(Records from a dataset)
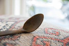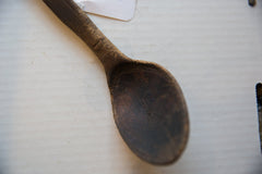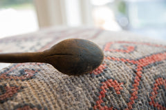 :: Vintage handmade African wooden spoon with tons of character and charm. Circa 1930s, believed to be from the Tuareg people in/around Niger. Please note this is an aged and lived with item, and as such it may have cracks, repairs, chips and/or imperfections. Kindly reference photographs for which of these may apply. Size measures: 2.5" x 8" x 3".
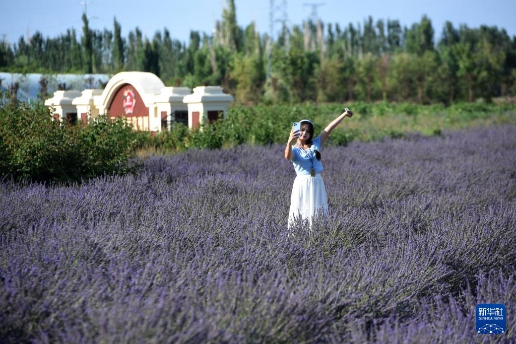 游客在新疆霍城县薰衣草农场拍照(7月26日摄)。
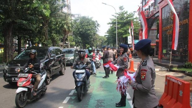Aksi ini dilaksanakan pada Senin (4/8/2025). Sejumlah personel Brimob Polda Metro turun ke jalan sambil mengatur lalu lintas dan membagikan bendera kepada para pengendara.
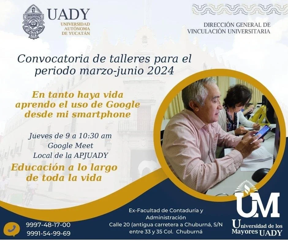 La Universidad de los Mayores de la Universidad Autónoma de Yucatán (UM-UADY), dio inicio a la Convocatoria de inscripción para los más de 20 talleres que se ofrecerán en el periodo marzo-junio 2024.
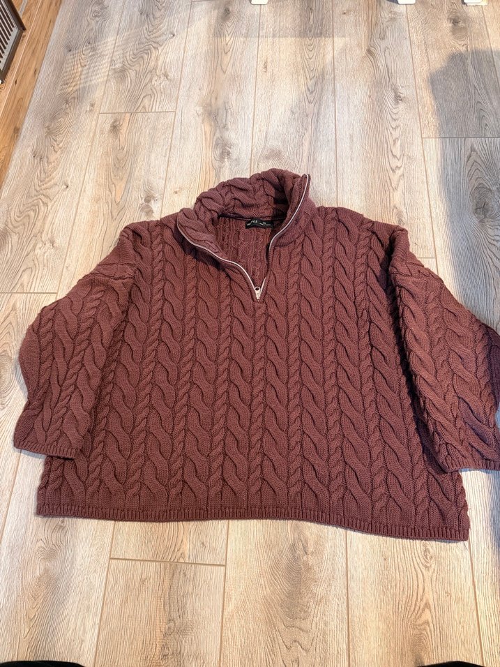 Bordo örgü kazak, yüksek yakası ve uzun kollu, bol kesimiyle rahat bir günlük kullanım sunar. Desensiz ve sade normcore tarzında.
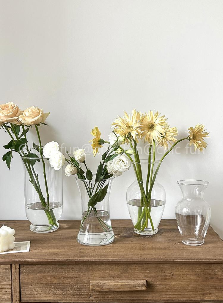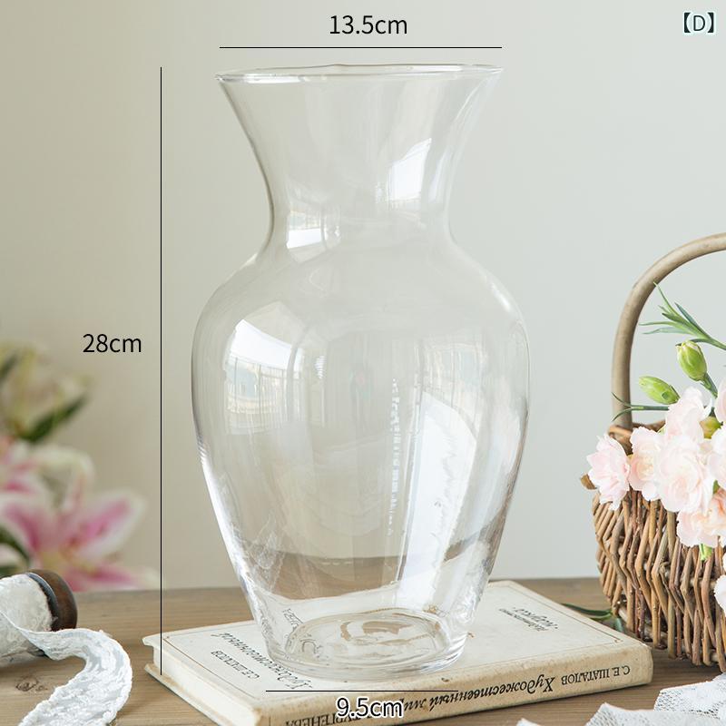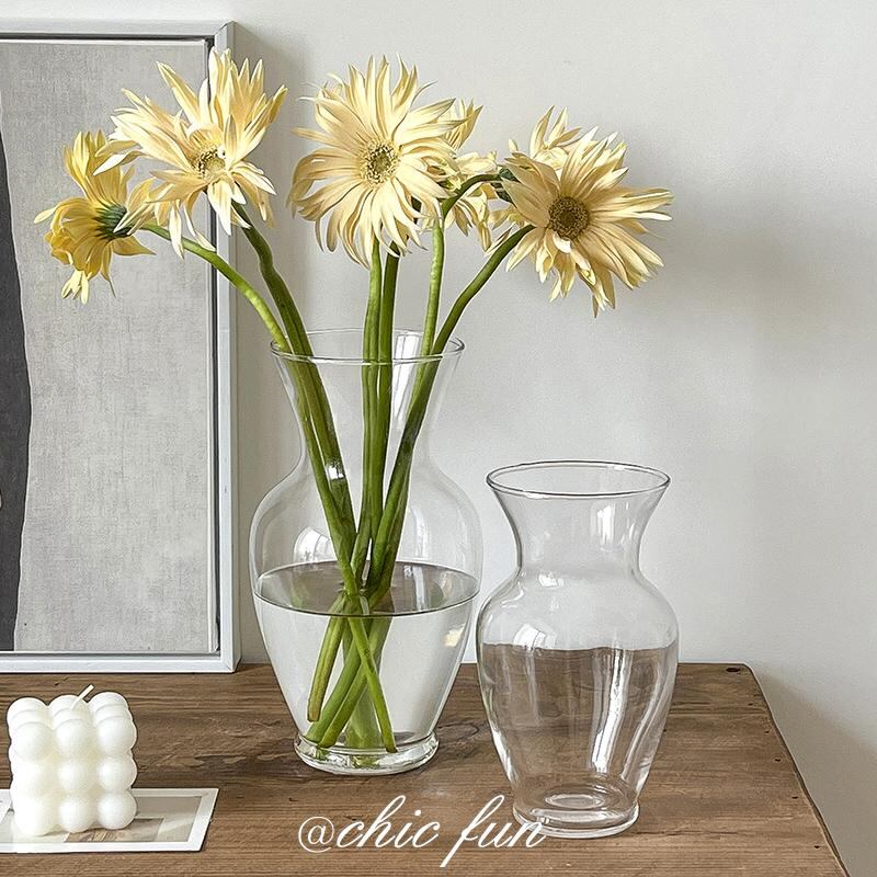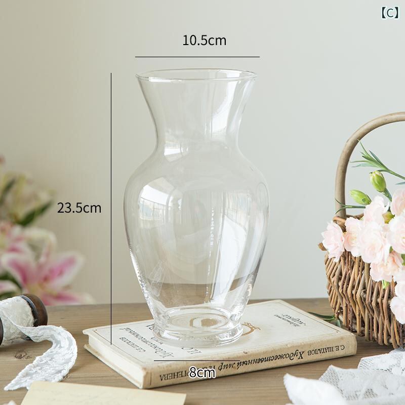 ガラス花瓶 北欧風 透明 シンプル モダン リビング置物 生け花 ドライフラワー 水栽培 広口 フレンチスタイル レトロ アンティーク 高級感 小型 花器
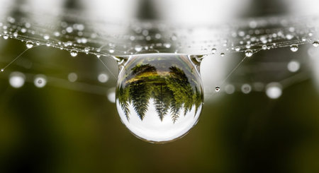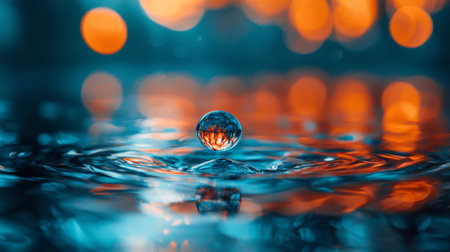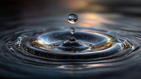 A water droplet impacts a dark blue surface, creating ripples and reflecting light in a serene setting.
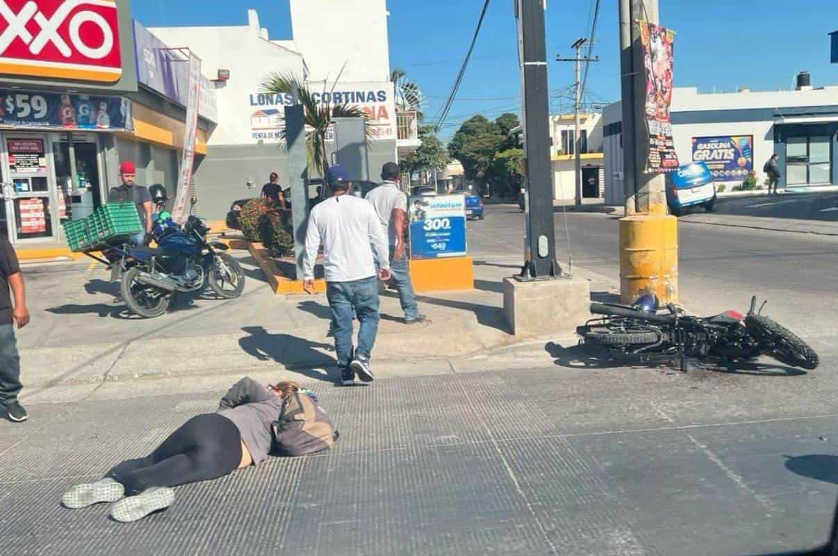 El choque dejó como saldo una mujer lesionada, tendida por unos minutos en el suelo, pero que tras ser valorada por paramédicos de Cruz Roja, se verificó que no contaba con lesiones de gravedad.
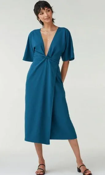 New with tag This wrinkle-resistant dress is a chic necessity for your next summer destination. This piece will be the wild card in your closet that keeps things fun. With various slits on the dress and extra long ties, you can criss-cross the ties in front, cinch the top for a deep-v look, wear it open as a duster, or wear the wrap portion in front or back. This dress will have you prepared for everything from pool lounging to a fancy dinner on your next summer escape Cocktail, versatile, capsule wardrobe, quiet luxury, classic, jewel tone, fall, winter, spring, summer, office, corporate siren, business casual, workwear
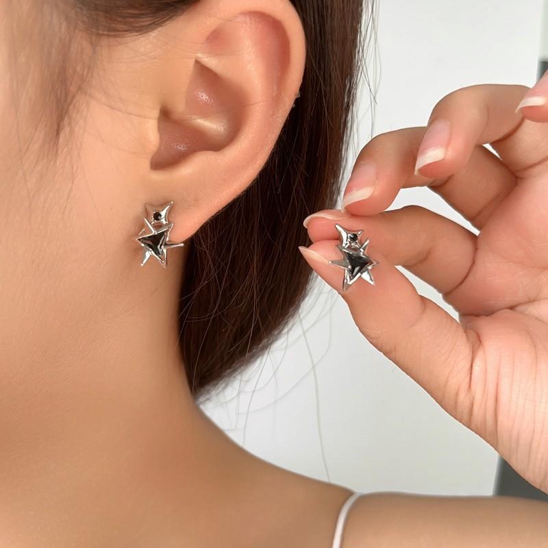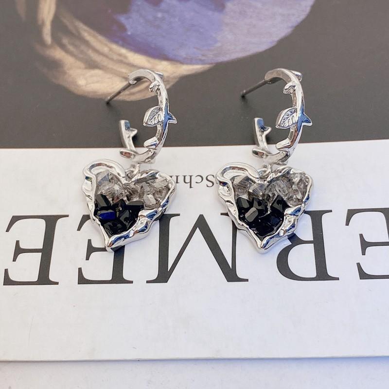 Coleção de brincos pretos doce cool nicho design sense ins estilo frio leve luxo amor coração gato temperamento brincos

(Assignment)
Output the data above exactly, excluding images.

(Worked solution)
 :: Vintage handmade African wooden spoon with tons of character and charm. Circa 1930s, believed to be from the Tuareg people in/around Niger. Please note this is an aged and lived with item, and as such it may have cracks, repairs, chips and/or imperfections. Kindly reference photographs for which of these may apply. Size measures: 2.5" x 8" x 3".
 游客在新疆霍城县薰衣草农场拍照(7月26日摄)。
Aksi ini dilaksanakan pada Senin (4/8/2025). Sejumlah personel Brimob Polda Metro turun ke jalan sambil mengatur lalu lintas dan membagikan bendera kepada para pengendara.
 La Universidad de los Mayores de la Universidad Autónoma de Yucatán (UM-UADY), dio inicio a la Convocatoria de inscripción para los más de 20 talleres que se ofrecerán en el periodo marzo-junio 2024.
 Bordo örgü kazak, yüksek yakası ve uzun kollu, bol kesimiyle rahat bir günlük kullanım sunar. Desensiz ve sade normcore tarzında.
 ガラス花瓶 北欧風 透明 シンプル モダン リビング置物 生け花 ドライフラワー 水栽培 広口 フレンチスタイル レトロ アンティーク 高級感 小型 花器
 A water droplet impacts a dark blue surface, creating ripples and reflecting light in a serene setting.
 El choque dejó como saldo una mujer lesionada, tendida por unos minutos en el suelo, pero que tras ser valorada por paramédicos de Cruz Roja, se verificó que no contaba con lesiones de gravedad.
 New with tag This wrinkle-resistant dress is a chic necessity for your next summer destination. This piece will be the wild card in your closet that keeps things fun. With various slits on the dress and extra long ties, you can criss-cross the ties in front, cinch the top for a deep-v look, wear it open as a duster, or wear the wrap portion in front or back. This dress will have you prepared for everything from pool lounging to a fancy dinner on your next summer escape Cocktail, versatile, capsule wardrobe, quiet luxury, classic, jewel tone, fall, winter, spring, summer, office, corporate siren, business casual, workwear
 Coleção de brincos pretos doce cool nicho design sense ins estilo frio leve luxo amor coração gato temperamento brincos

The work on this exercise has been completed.